When I apply the formulae shown I get the values shown for R6 & R7 on the 3dB line.

With an AC source having 50 ohms internal resistance and a 50 ohm load at the network output I also obtain 3dB loss from network input to output.

4. ### MrAl Distinguished Member

Jun 17, 2014
3,733
791
Hello again,

Ok, the reason they have those resistors shown in the 3db row is because they and yourself used exactly -3db. Usually when we say 3db attenuation we really mean -3.0103 db not -3.0000 db, but that's not that important as the resistor values come out almost the same anyway, so i'd be happy to go with the exact -3.0000 db instead and come out with the same value resistors they did.

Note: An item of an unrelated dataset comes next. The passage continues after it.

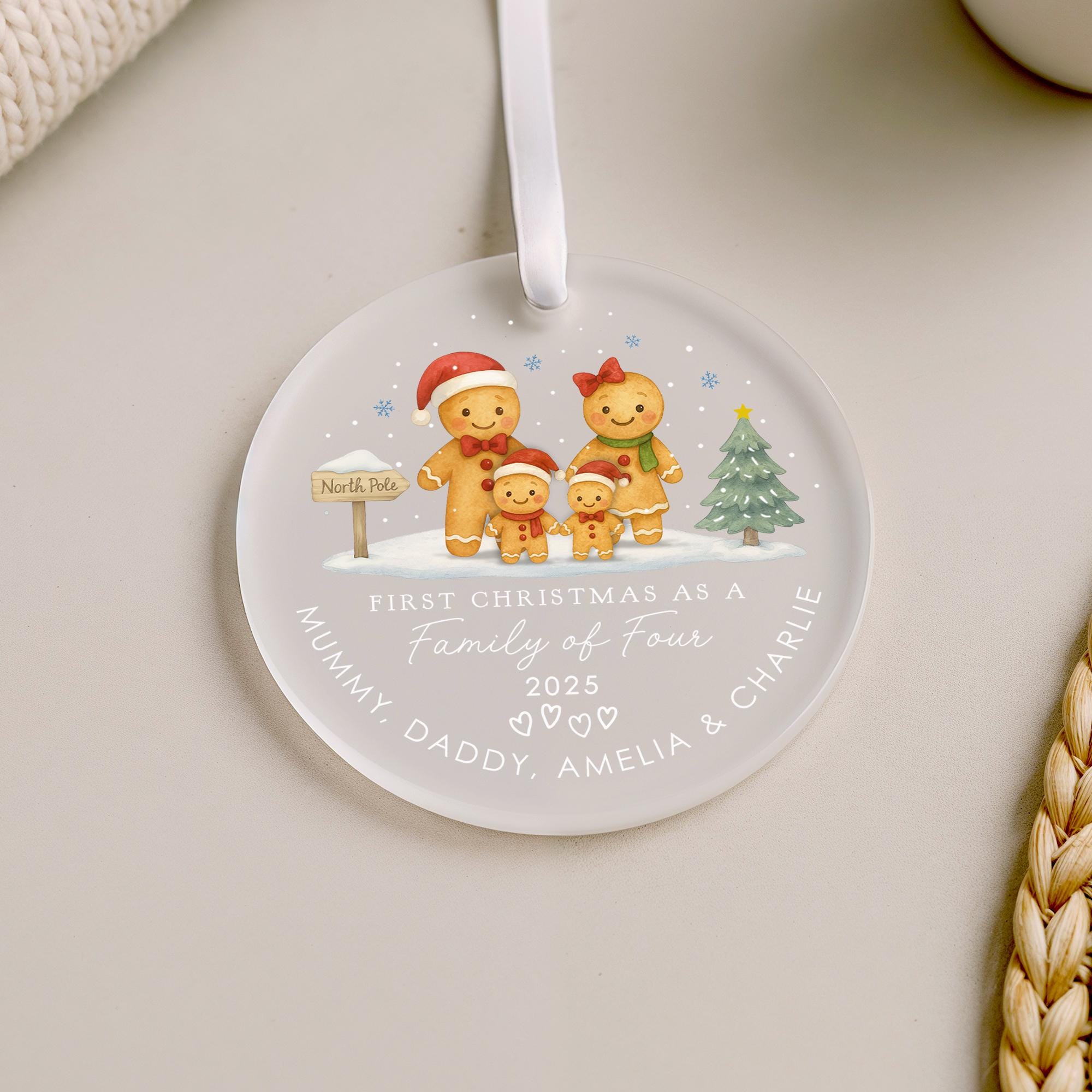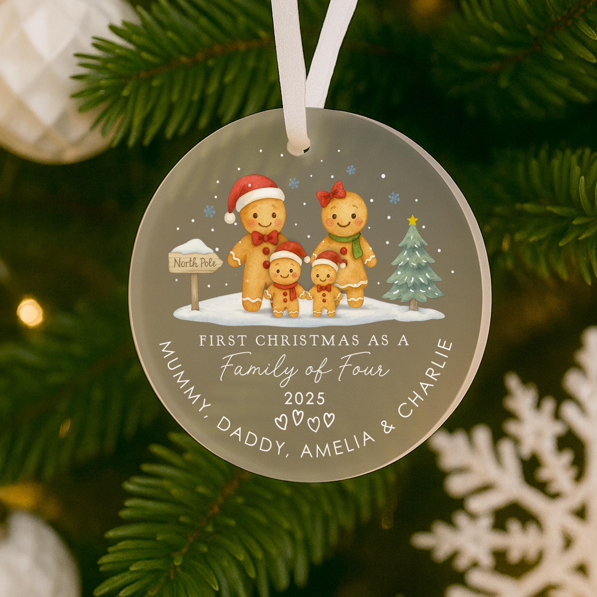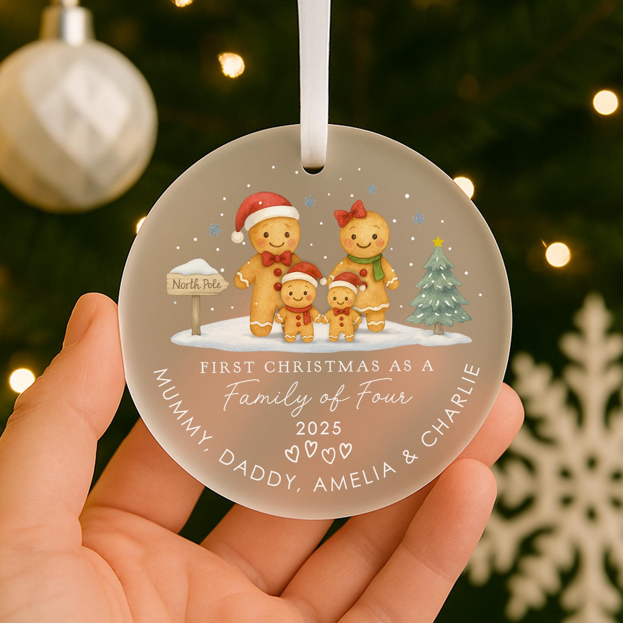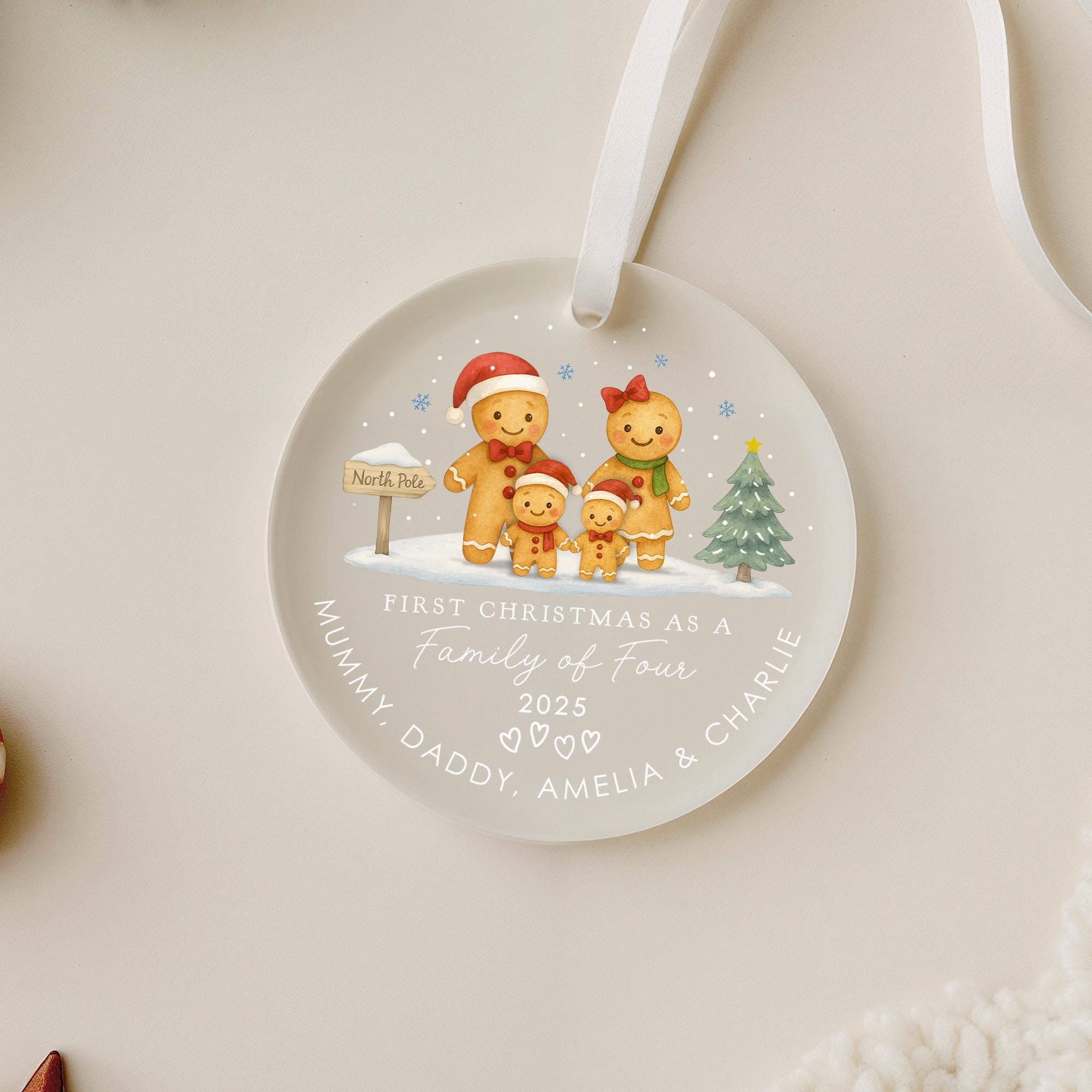 Personalised Ginger Bread Men First Christmas as Family of 4 Bauble

No worries there

So with a 1v test input generator voltage what do you get as the output voltage with the "3db" resistor values?
Remember we need 50 ohms of input series resistance and a 50 ohm load to ground too.
Free free to elaborate

5. ### t_n_k AAC Fanatic!

Mar 6, 2009
5,448
784
The network introduces an additional 3dB loss at the load when you compare the situation without the network. Without the network a 1V source would give 0.5V across the 50 ohm load. With the network in place there would be a load voltage of 0.3536V.

6. ### MrAl Distinguished Member

Jun 17, 2014
3,733
791
Hello again,

Yes, that's what seems strange here.

With the 50 ohm source series resistance and 50 ohm load, with the generator internal source set Vi=1v we get 0.35355v or approx 0.3536v as you said, but then look:
Vi/Vo=1/0.35355=2.828

Now i also see that they use Vi in the table but they use VI in the formula for K. If Vi is the open circuit voltage of the input source, then Vi is not equal to VI, but if i=I then it is.

So this is starting to look like it could have been written a lot better.

Also, when we do attenuators we dont have to assume that we get an additional cut as compared to the original cut, we can also assume that we have a signal and we want to see a certain cut, period.

The two different interpretations can lead to a problem as the signal may be too low for the application.

A quick formula for the output voltage is:
Vout=(Vin*(Z^2+2*R6*Z+R6*R7))/(4*(Z+R6)*(Z+R7))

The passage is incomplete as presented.